Problem to work on: What is needed is a faithful transcription of all the data below, pictures excluded.

Available data:
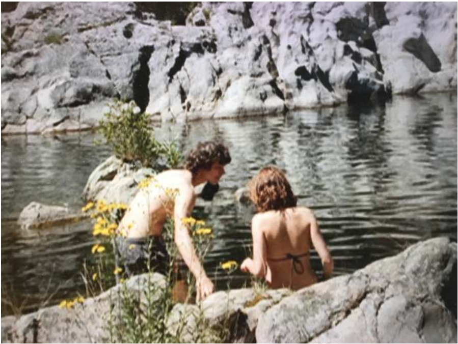
Figure 4.2 Sullivan and Camille swim in the Loire, Goodbye First Love

In the traditional literary sense, pastoral is a genre found from the classical to the Romantic eras, depicting a bucolic society far
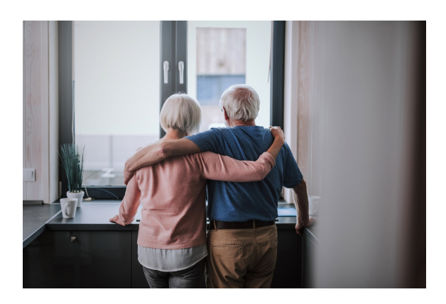
Why Hire an Elder Law Attorney?

Final answer:
Figure 4.2 Sullivan and Camille swim in the Loire, Goodbye First Love

In the traditional literary sense, pastoral is a genre found from the classical to the Romantic eras, depicting a bucolic society far
Why Hire an Elder Law Attorney?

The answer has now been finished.